Action item:
Every line from the one with "Soykırımcı İsrail ordusunun" through the end of the entries below should be written out exactly; the pictures should not.

Excerpted data:
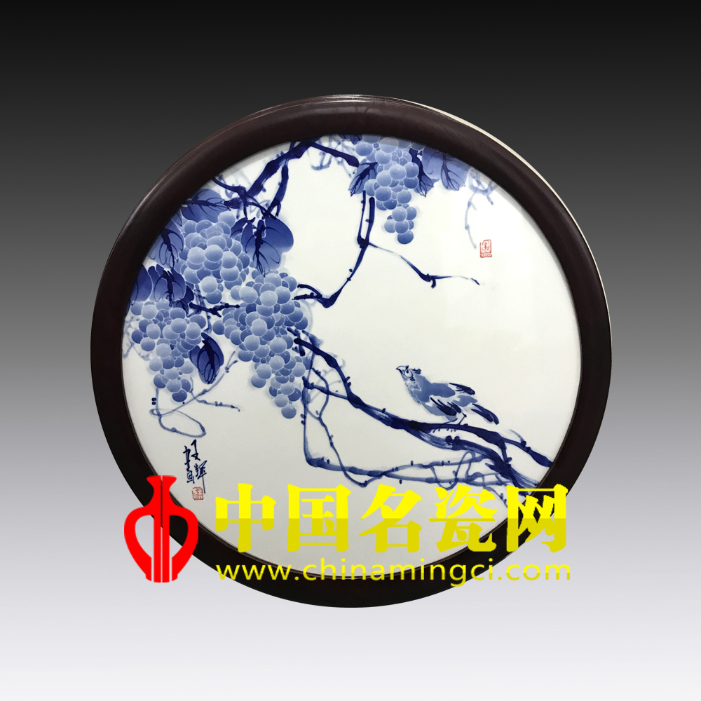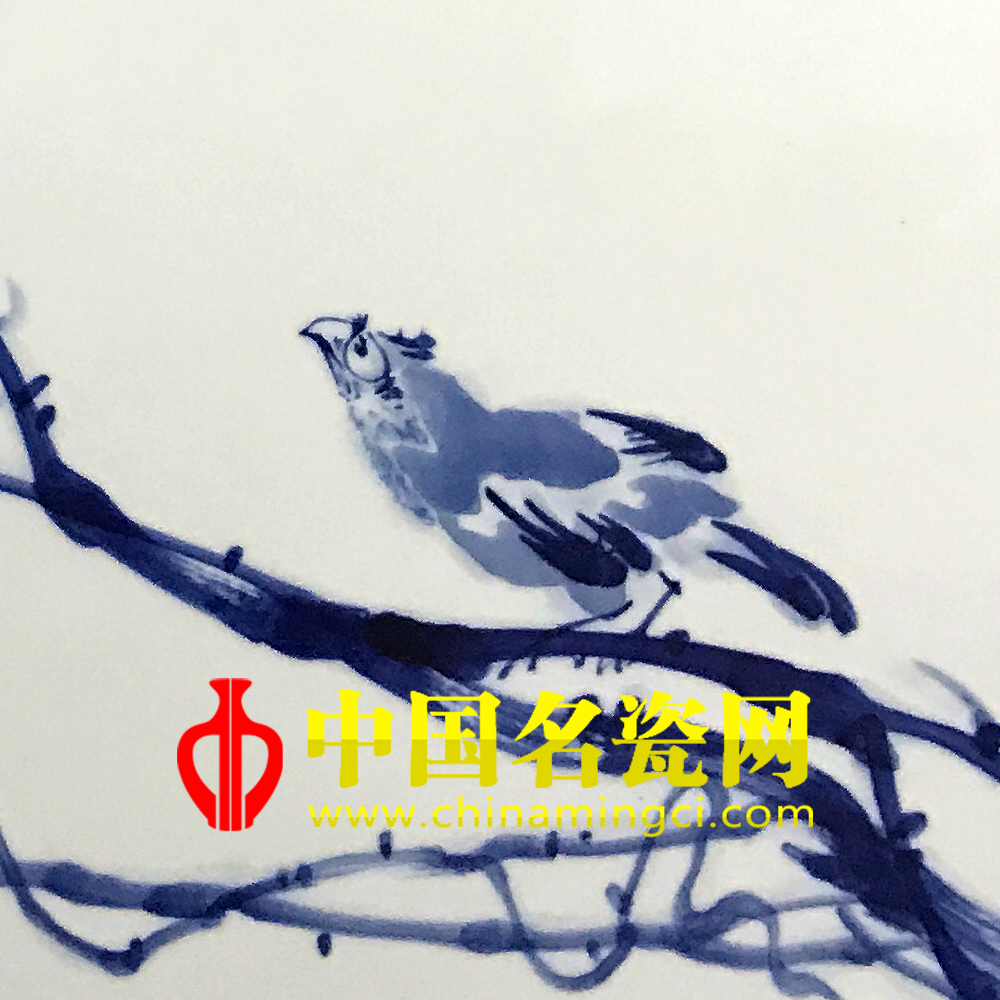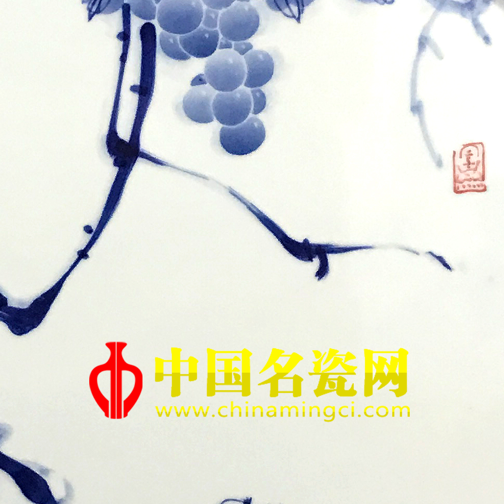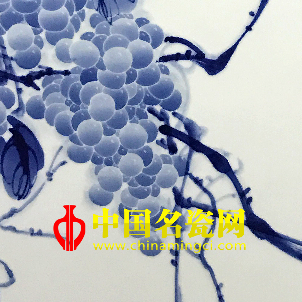 此作品中国画构图,大写意花鸟,独特气质,画面藤蔓弯曲而下,遵劲自然,以浓墨挥洒,点叶勾边,藤叶错落有致,筋络清晰且舒展自如,藤叶之间硕果累累悬挂其中,青翠欲滴、晶莹剔透,一只八哥栖息藤干上使之趣味盎然。王辉的青花笔法写意,章法洗绮,心法自然。(宿亚兰)
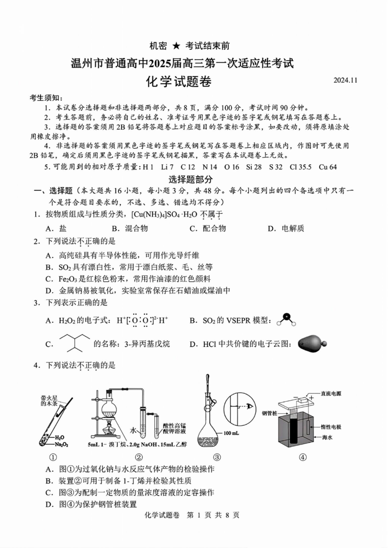 浙江省温州市高中2025届高三上学期第一次模拟考试化学
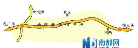 记者获悉,以从广州去汕头为例,目前自驾车一般是往东走上广惠高速,到凌坑收费站后转深汕高速,再一直走到汕头,全程接近5小时左右;但未来揭博高速通车后,全程将只需大约4小时,且可比原来线路少走约
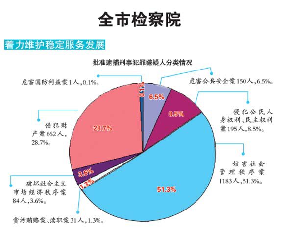1、認(rèn)真履行批捕、起訴職責(zé):共批捕 犯罪嫌疑人2306人,起訴2693人,同比 分別上升9.9%和6.4%。
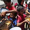 Soykırımcı İsrail ordusunun zulmü altındaki Gazze'deki Filistinlilere yemek dağıtıldı.
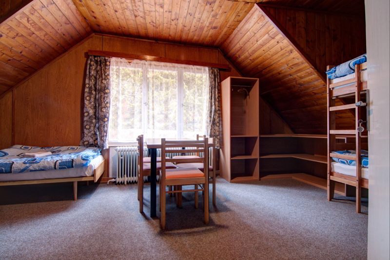 Chata prošla rekonstrukcí a tak na vás čekají nově vybavené pokoje. Přímo u chaty je prostorné bezplatné parkoviště. Chata disponuje také stylovou restaurací, posilovnou, hrnou pro děti, saunou a společenskou místností, kde se můžete zahřát u krbu. V celém objektu je dostupné WiFi připojení zdarma.
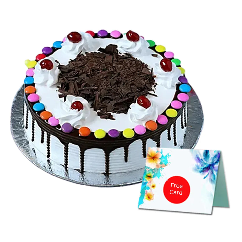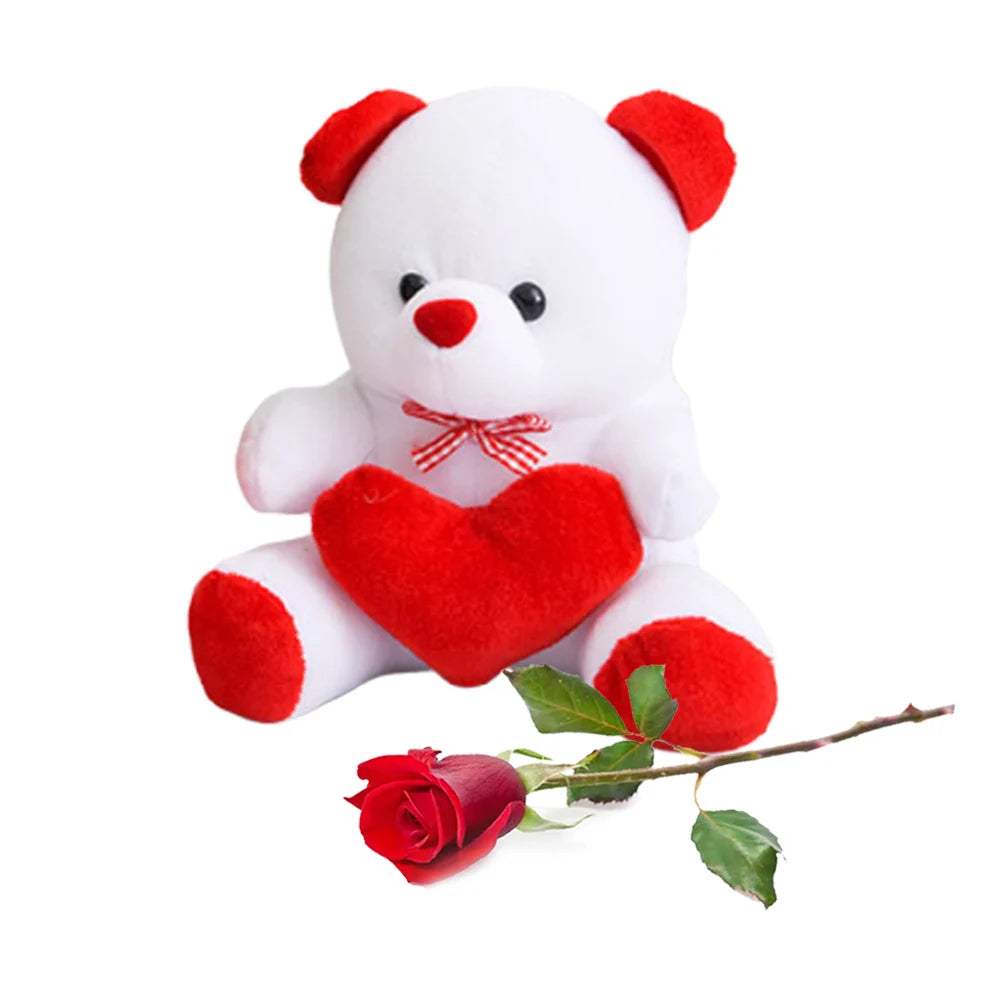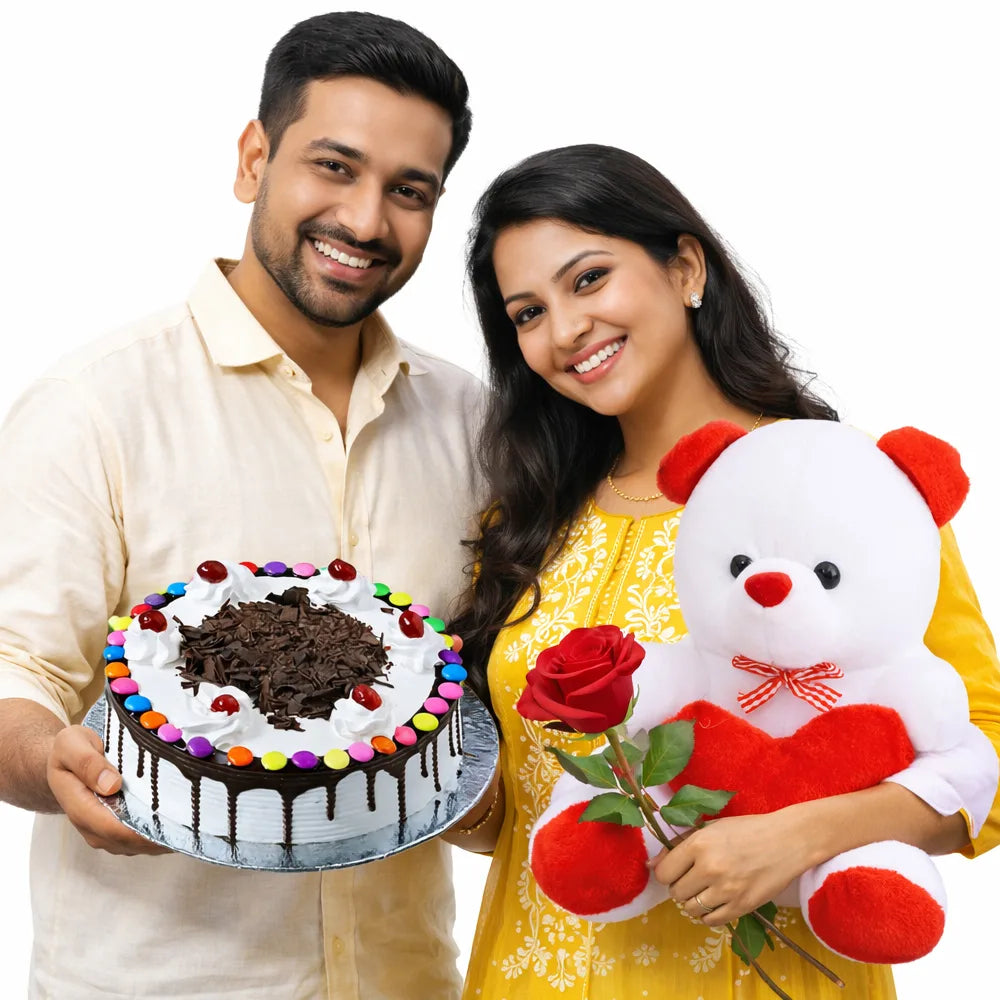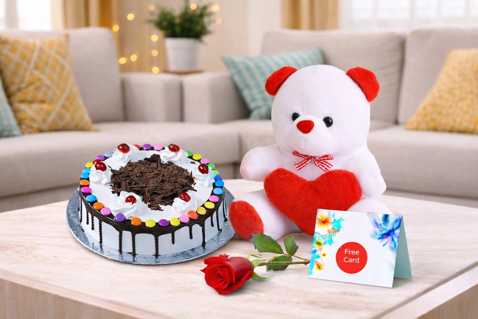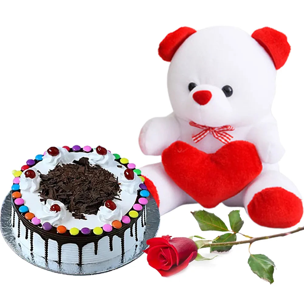 Product Details:: Single Rose and Cake and Teddy Bear. 500gm Black Forest Gems Cake. Soft Toys 6inch. Free Single Red Rose. Free Knife. Free On... Read More

Solution below:
 Soykırımcı İsrail ordusunun zulmü altındaki Gazze'deki Filistinlilere yemek dağıtıldı.
 Chata prošla rekonstrukcí a tak na vás čekají nově vybavené pokoje. Přímo u chaty je prostorné bezplatné parkoviště. Chata disponuje také stylovou restaurací, posilovnou, hrnou pro děti, saunou a společenskou místností, kde se můžete zahřát u krbu. V celém objektu je dostupné WiFi připojení zdarma.
 Product Details:: Single Rose and Cake and Teddy Bear. 500gm Black Forest Gems Cake. Soft Toys 6inch. Free Single Red Rose. Free Knife. Free On... Read More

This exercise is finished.